Studies with cultured primary rat hepatocytes, hepatic stellate cells, rat models of liver fibrosis, and plasma levels in patients with chronic liver disease revealed that progressive fibrosis is associated with an increased TIMP-1 expression.
There are many stimulators of TIMP-1 expression, but little is known about the down-regulation of TIMP-1. Since cloning of TIMP-1 in 1986, a reduction of TIMP-1 expression could be demonstrated only by dexamethasone and concanavalin A. Histological findings from patients with liver fibrosis and from animal models of fibrosis indicate that recovery of liver fibrosis with diminution of excess extracellular matrix proteins is possible. An increased collagenase activity during recovery could be detected as a key mechanism in spontaneous resolution of fibrosis in rat liver homogenates. Since fibrotic liver already has an increased proteolytic activity (which, however, is inhibited by high TIMP-1 activity), our therapeutical approach aims at the inactivation of TIMP-1.

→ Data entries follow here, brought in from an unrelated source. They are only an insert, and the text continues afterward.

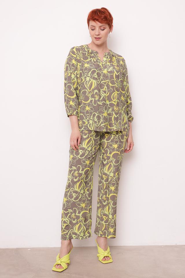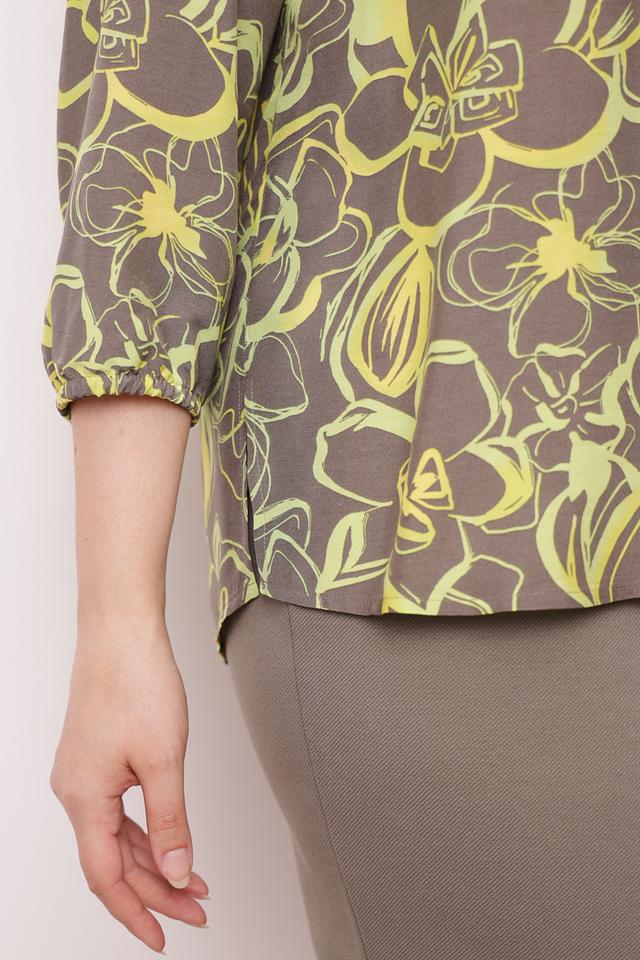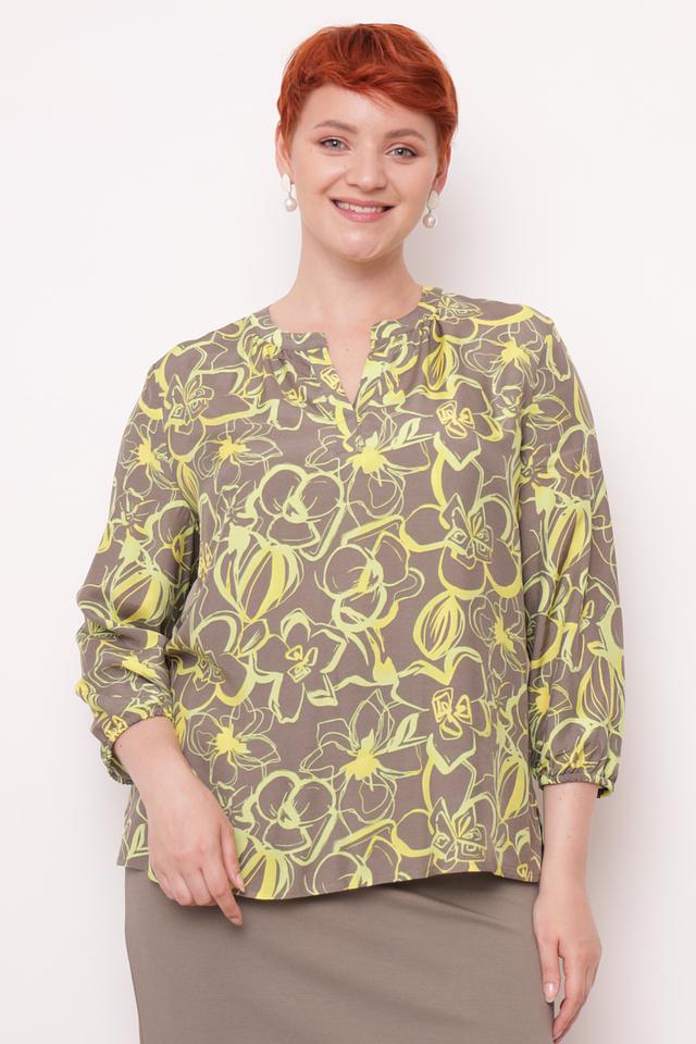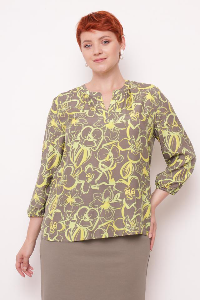 Основной цвет блузы – серый, а яркий цветочный принт добавляет образу женственности и игривости. V-образный вырез подчеркивает линию шеи и декольте, а рукава длиной 3/4 делают блузу универсальной для любого времени года. Блуза идеально сочетается с юбками, брюками и джинсами, позволяя создавать разнообразные образы.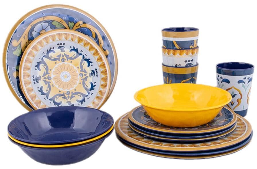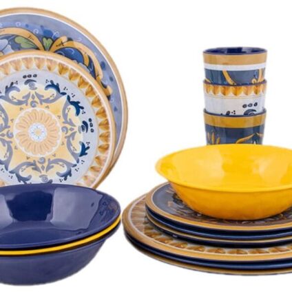 Ein stilvolles 16-teiliges Geschirrset im sizilianischen StilDas Geschirr besteht zu 100 % aus Melamin. Melamingeschirr ist praktisch unzerbrechlich, sehr leicht, kratzfest und spülmaschinenfest. Das schöne Set ist perfekt für 4 Personen und umfasst 4 Essteller, 4 Frühstücksteller, 4 Schüsseln und 4 Becher. Ideal zum Mitnehmen auf den Campingplatz und im Garten. Für Lebensmittel zugelassen. Das Geschirrset lässt sich perfekt mit den Sicilian Wassergläsern und Weingläsern kombinieren.Praktisch…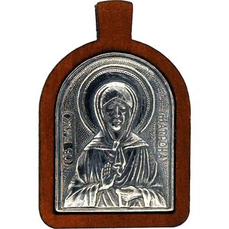 Именная нательная икона Святая Матрона Московская. Иконка (образок) сделана из благородного и твердого дерева - груши, пропитана маслом и церковными благовониями по нашему оригинальному рецепту. Металлическая вставка изготовлена из мельхиора и покрыта серебром с чернением.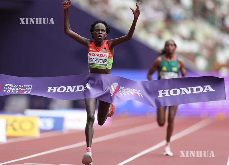 Peres Jepchirchir of Kenya crosses the finish line to win the women’s marathon final at the 2025 World Athletics Championships in Tokyo, Japan, on Sept. 14, 2025. (Xinhua/Jia Haocheng)

We chose MMP-9 for construction of TIMP-1 antagonists due to its high
affinity (Ki values <50 pM) toward TIMP-1. The
exact mechanisms of complex formation between TIMP-1 and MMP-9 are not
yet clear. Concerning binding of TIMP-1 to MMP-1, detailed studies
favor a model of a noncompetitive two-step mechanism. The first step is
thought to be a fast, reversible complex formation, followed by a slow
transformation into the final stable complex. The carboxy terminus of
MMPs plays an important role in the initial fast binding step. The
carboxy-terminal domain of progelatinase B is not involved in autolytic
or cellular activation and does not affect the catalytic activity of
the enzyme. However, carboxy-terminal domain interactions between
active MMP-9 and TIMP-1 significantly enhance the rate of complex
formation (Fig. 3
). After shortening the carboxy terminus of
MMP-9 by 125 amino acids, binding of TIMP-1 is reduced and completely
abolished by truncating the carboxy terminus by 142 residues (Roeb et
al., unpublished results). Moreover this mutant does not show any MMP
activity. Substrate binding is also reduced by that deletion similar as
already described for MMP-2. From these experiments, we conclude that
an effective binding of TIMP-1 is only possible by retaining most of
the hemopexin domain.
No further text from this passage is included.